Elavon Exec: Beyond Bleak Chip-Prep Numbers, 20% of Some Merchants’ Transactions Already Are EMV
With just 17 business days to go before the Oct. 1 EMV liability shift goes into effect, less than 20 percent of all U.S. merchants are ready to process chip cards, while slightly more than 30 percent of all payment cards in consumers’ wallets currently contain the EMV chip, according to industry estimates. But those bleak numbers are somewhat misleading, according to Ian Drysdale, executive vice president of sales and business development, North America, for U.S. Bank’s Elavon.
“A big chunk of the largest and the smallest merchants are ready, and it’s just a matter of time before merchants in between finish the complex steps needed to integrate and certify their terminals to be ready,” Drysdale notes. Elavon, the No. 2 U.S. card processor in total number of merchants—with 750,000 end user merchants—already is seeing chip cards account for as many as 20 percent of all transactions at POS terminals for some merchants. “We’re seeing a huge shift at the POS as a trio of motivators including EMV, NFC and Apple Pay all push merchants to change,” he says. Elavon estimates that half of its small-business, terminal-based merchant clients will be EMV-ready by Oct. 1, 2015, and every new POS unit the company sells is NFC-ready. MasterCard says it expects 47 percent of all U.S. payment terminals to be EMV-ready by Dec. 31, 2015.
|We’re seeing a huge shift at the POS as a trio of motivators including EMV, NFC and Apple Pay all push merchants to change.”
—Ian Drysdale, Elavon
“It’s quite simple: Mag-stripe cards are as easy to duplicate as the old music cassette tapes, and after Oct. 1, merchants will be liable for counterfeit transactions on those cards, so those in higher-risk businesses, with higher-ticket transactions, have moved first,” Drysdale explains. U.S. merchants had a little over three years to prepare for the liability shift, which Drysdale admits was a tight window.

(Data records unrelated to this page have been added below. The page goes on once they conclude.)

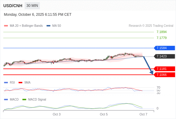 备选策略: 向上突破 7.1584 ,将带来继续上行的趋势,目标位定在 7.1779 和 7.1894 。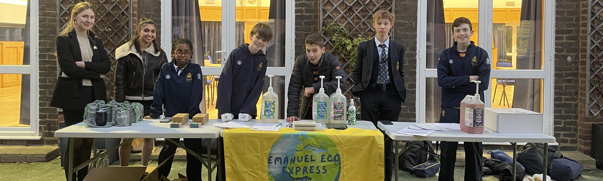 The Emanuel Eco Committee have launched their first ever pop-up eco refill shop to help tackle single-use plastic and waste. Before our onsite Year 7 parents evening they sold over 56 portions of washing-up liquid, laundry liquid, hand soap and shower gel, as well as lots of eco friendly soap bars.The wonderfully bright Emanuel Eco Express banner was designed by Milo, Year 7, and is made from recycled nylon.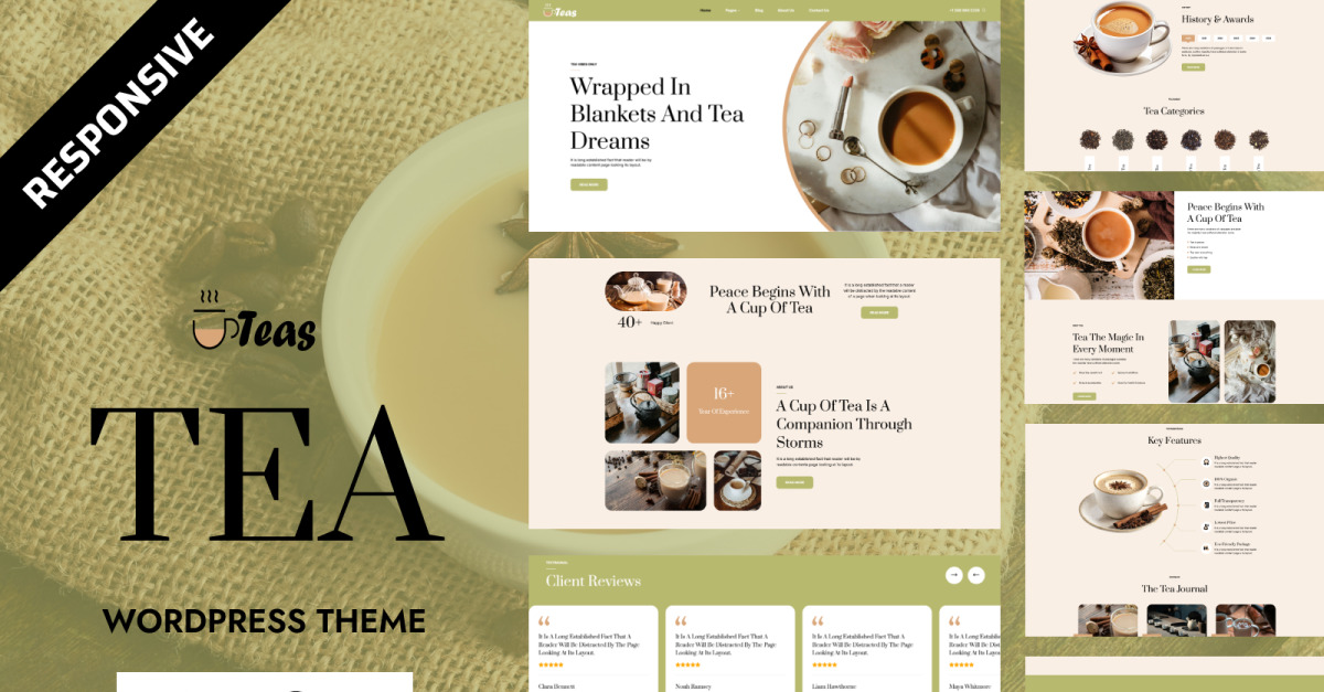 Teas Tea WordPress Şablonu, organik çay dükkanları, bitkisel ürün markaları, çay plantasyonları, sağlıklı yaşam kafeleri, Ayurveda satıcıları ve içecek işletmeleri için özel olarak tasarlanmış, doğadan ilham alan, güzel bir tasarıma sahip bir şablondur.

What Exactly Is Taking so Long?
“EMV certification, required for each merchant’s terminals by each payments network, can be very time-consuming, especially for retailers with multiple locations that tend to have a lot of customized systems,” Drysdale observes. “There will be an extremely long tail to the EMV migration and even though the numbers don’t show it yet, there’s a tremendous amount of progress.”
Drysdale doesn’t rule out “bumps in the road” ahead, but he believes EMV migration is only part of the revolution at the POS in the next year. Elavon soon will begin to sell hardware-based encryption services to small and midsize merchants looking to minimize data security risks. “Our message to merchants is: Use this opportunity to be ready for the future. Be ready for those millennials and the high net-worth people who have Apple Pay, and embrace encryption, because you can’t be responsible for data you never had.”